In 2019, Spanish archaeologists excavating in Qubbat al-Haw in southern Egypt discovered a tomb containing the remains of ten mummified crocodiles, which once swam in large numbers in the Nile during the time of the ancient Egyptian pharaohs.
The crocodiles may have been used in rites for the Egyptian deity Sobek, who is often depicted with a crocodile head.
Qubbat al-Haw is located on the western bank of the Nile and serves as a resting place for nobles and priests from Ancient Egypt’s Old and Middle Kingdoms.
Archaeologists have previously discovered approximately 100 tombs at the necropolis, which was active from the Fourth Dynasty through the Roman Period. The latest tomb was unearthed by archaeologists from the University of Jaén.
Two Spanish archaeologists collaborated with two Belgian scientists to produce a complete analysis of the bones of these mummified crocodiles and their tombs, which was published in the journal PLOS One.
The studies revealed that the reptiles were preserved in a different manner than most mummified crocodiles. The ten crocodiles were mummified without the use of resin or evisceration of the remains, as the scientists explain in the journal.
The researchers also discovered evidence of linen, palm leaves, and rope, associated with some of the crocodiles, indicating that they were originally wrapped. The linen bandages, however, must have rotted away, and the crocodiles were not covered with large amounts of pitch or bitumen, as was common in more recent times. This allowed the researchers to measure and study these specimens thoroughly.
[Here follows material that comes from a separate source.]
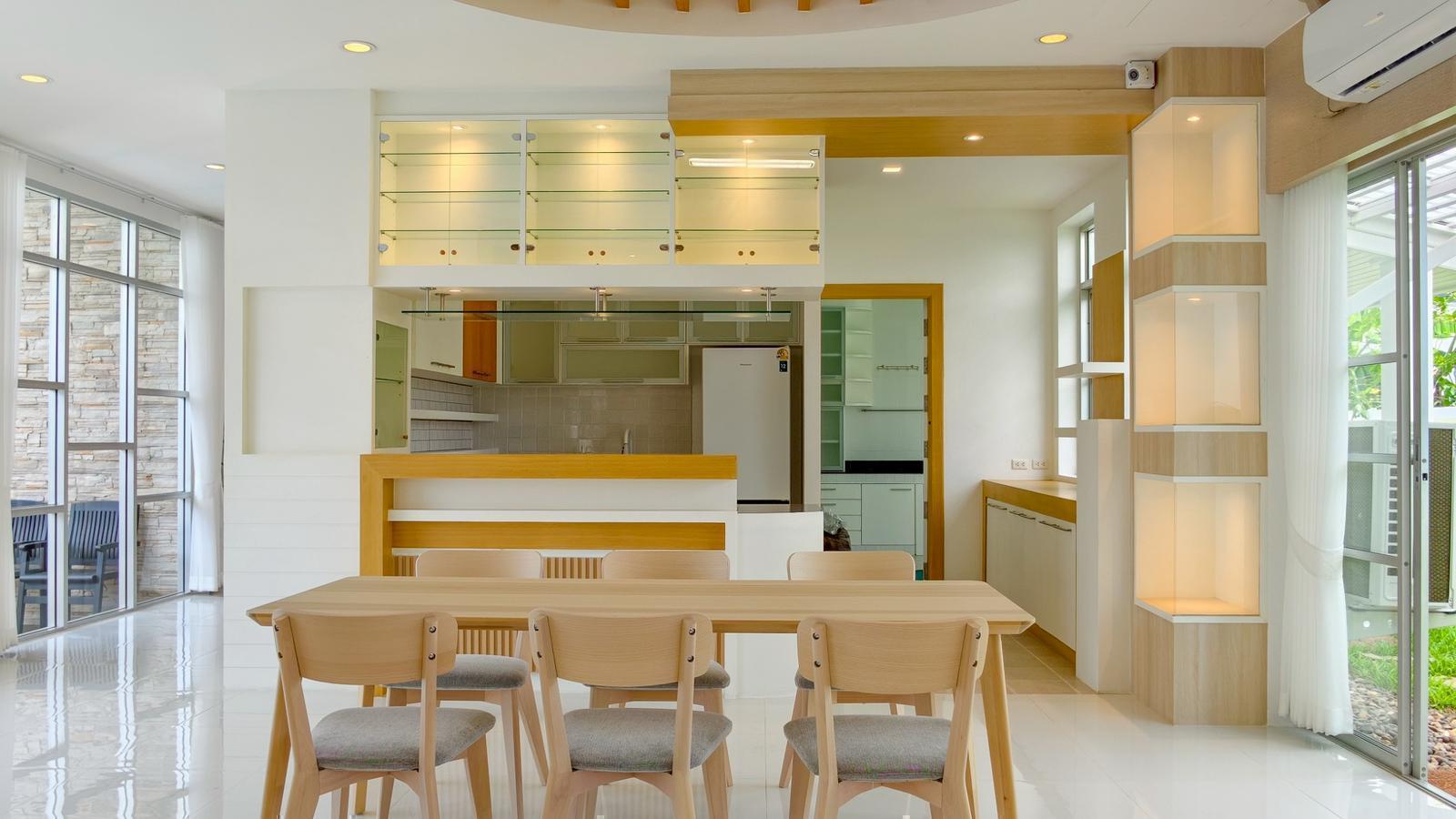 The kitchen is equipped with both Western-style and separate Thai cooking areas, allowing for versatile culinary experiences.

“Most of the time I’m dealing with fragments, with broken things,” lead author Bea De Cupere, an archaeozoologist at the Royal Belgian Institute of Natural Sciences, tells the New York Times’ Sam Jones. “To hear you have ten crocodiles in a tomb—that’s special.”
“More than 20 burial sites with crocodile mummies are known in Egypt, but to find 10 well-preserved crocodile mummies together in an undisturbed tomb is extraordinary,” she says. “Of most mummies collected by museums in the late 19th and early 20th centuries, often hatchlings, we don’t know exactly where they come from.”
“The absence of linen bandages and resin allowed us to carry out directly a detailed study of the preserved tissues and bones in all individuals,” De Cupere tells Newsweek’s Aristos Georgiou. “… In the case of the five isolated skulls, the heads were removed when the crocodiles were already [dried out].”
The smallest crocodile is 1.8 metres long, while the largest is 3.5 metres long. They are two separate species: the Nile crocodiles and West African crocodiles. Three of the skeletons were almost complete, with the other two missing a few parts. According to De Cupere, the crocodiles were first buried elsewhere, probably in sand pits. ‘This allowed the crocodiles to naturally dry out. The remains were then unearthed, wrapped, and relocated to the tomb at Qubbat al-Haw. Body parts have to be lost during wrapping and transport.’
One crocodile was so perfectly preserved that the gastroliths were still visible.These are intestinal stones that help crocodiles stay balanced in the water. The presence of stones indicates that the crocodile was not cut open to take out the intestines.
“The discovery of these mummies offers us new insights into ancient Egyptian religion and the treatment of these animals as an offering,” said co-author Alejandro Jiménez-Serrano, an Egyptologist at the University of Jaén in Spain.